Dr Virmani told Governance Now in January 2014 that several CMDs of the oil marketing companies had told him that they had enough information on their records to separate LPG cylinder delivery from subsidy without any need of UID, if they were given a clear mandate to do so! 
 
Privacy
 
The legal framework on Aadhaar waver privacy provisions in two cases: on the direction of a court not below the level of district judge or direction of an official of the central government not below the level of joint secretary in case of ‘national security’. It doesn’t define national security, leaving it to the government. This could be potentially misused by the government to track dissenters, opponents.  
 
When the UPA government drafted the National Identification Authority of India (NIAI) Bill, 2010, it was sent to a parliamentary standing committee on finance headed by BJP’s Yashwant Sinha. The committee noted, “Enactment of national data protection law… is a prerequisite for any law that deals with large scale collection of information from individuals and its linkages across separate databases”. 
 
That in absence of data protection legislation, it would be difficult to deal with issues of access, misuse of personal information, surveillance, profiling, linking and matching of databases and securing confidentiality of information, the committee said. The right to privacy legislation is still in the draft stage. It has been put on the back burner by the present government.
 
Legal recourse
 
In 2012 the government appointed a committee headed by justice AP Shah on preparing a legal framework for right to privacy. Justice Shah headed committee proposed that the country should have a law on privacy which should provide for setting up office of privacy commissioner, where people can appeal and find a legal recourse. 
 
The NDA government, in the present bill, has barred all citizens from approaching any court for taking cognizance of offence punishable under this Act.

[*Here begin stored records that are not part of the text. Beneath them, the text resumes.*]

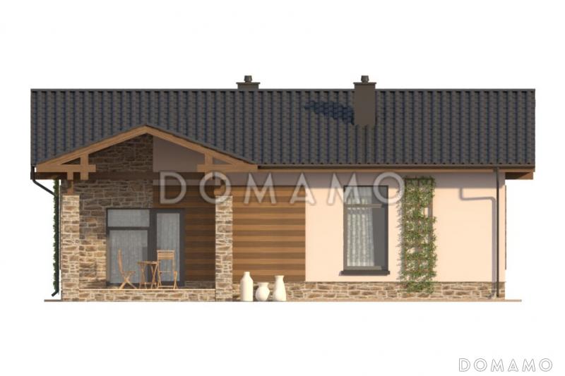 Одноэтажный домик с отделкой деревом и облицовочным камнем смотрится по-настоящему сказочно. С широкого крыльца, обрамленного колоннами, можно попасть в котельную и в тамбур с переходом в прихожую. С задней стороны коттеджа размещена уютная крытая терраса с выходом из жилой зоны, где можно устроить вечер на двоих у столика с креслами.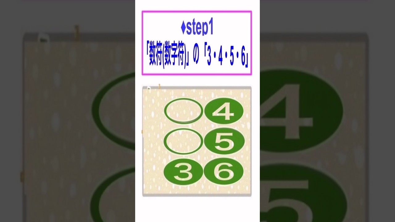 (今回の動画の説明 点字を学ぶ66 数字の「7」です 2マス使います (1) 1マス目には 「数符(数字符)」を置きます それは 「第3・4・5・6点」で (3) 「次に続くのは数字ですよ」 という意味です 「数符(数字符)」 ◯❹ ◯❺ ❸❻ (4) 2マスめは 1から9と0の数字を 『あいうるらえれりおろ』 に置き換えて 表したものにする (5) そして2マス合わせると完成です (6) 7は『対応表』 『あいうるらえ(れ)りおろ』 から「れ」です (注 : ら行は 「母音(=あ行)」+第5点 です) だから、「れ」は 「え(第1点)」+第5点」 で 「1・2・4・5点」です ❶❹ ❷❺ ◯◯ だから・・・ (7) 数字「7」は 「数符+れ」 ◯❹ ❶❹ ◯❺ ❷❺ ❸❻ ◯◯ です! できた!! 続きは次回です! (効果音・BGMはVLLO標準のものです) #Shorts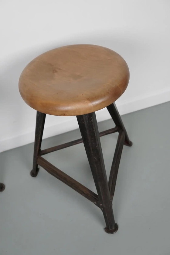 Paar Industriestahl-Fabrikhocker von Rowac, Robert Wagner Chemnitz, 1930er Jahre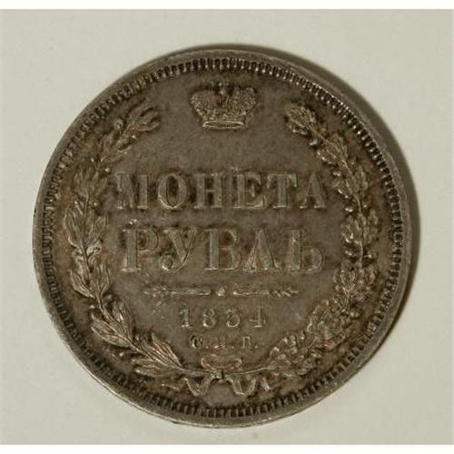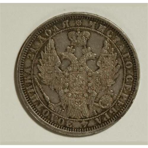 <B>Nicholas I. Rouble 1854 C??-HI,</B></I> Imperial eagle/Date and value in wreath, Bit-234, well struck XF with light gray toning and considerable remaining luster. <BR><BR><b>Shipping:</b> Coins & Currency (<a target="_blank" href="http://www.heritageauctions.com/common/shipping.php">view shipping information</a>)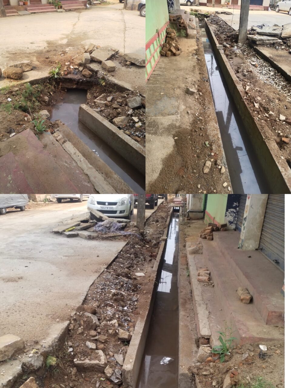 ಈ ಕಾಮಗಾರಿ ಮುಗಿದಿದೆ. ಆದರೆ ಚರಂಡಿಯಲ್ಲಿ ಹರಿದು ಬರುವ ನೀರು ಮುಂದೆ ಹೋಗುವ ಸ್ಥಳದಲ್ಲಿ ಅಂಡರ್ ಗ್ರೌಂಡ್ ಕಾಲುವೆಯಲ್ಲಿ ತ್ಯಾಜ್ಯ ಬ್ಲಾಕ್ ಆಗಿದ್ದು ಈಗ ಸುಮಾರು ಹತ್ತು ದಿನಗಳಿಂದ ನೀರು ಮುಂದಕ್ಕೆ ಹರಿದು ಹೋಗದೆ ಚರಂಡಿಯಲ್ಲಿ ತುಂಬಿಕೊಂಡಿರುತ್ತದೆ.
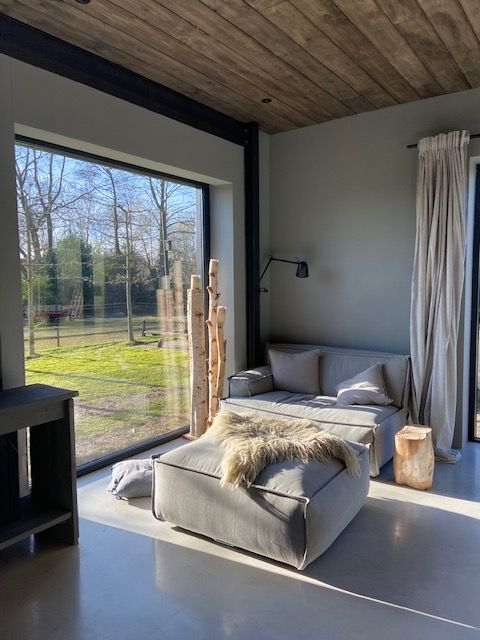 Het mooiste resultaat ontstaat wanneer je oude en nieuwe elementen mixt. Denk aan moderne verlichting tegen een houten wand, een strakke keuken in een oude opkamer of een minimalistische bank in een royale woonruimte met hoge plafonds. Zo geef je de boerderij een eigentijdse uitstraling, zonder de historie kwijt te verliezen

It is only UIDAI or an official authorized by the UIDAI who can make a complaint in a court (not inferior to chief metropolitan magistrate). “This will present a conflict of interest as under the Bill the UID Authority is itself responsible for the security and confidentiality of identity information and authentication records. This Clause should be dropped,” said Jairam Ramesh in one of his nine amendments to the Aadhaar Bill. 
 
So till the time the government gets serious about the privacy legislation you can't go to a court.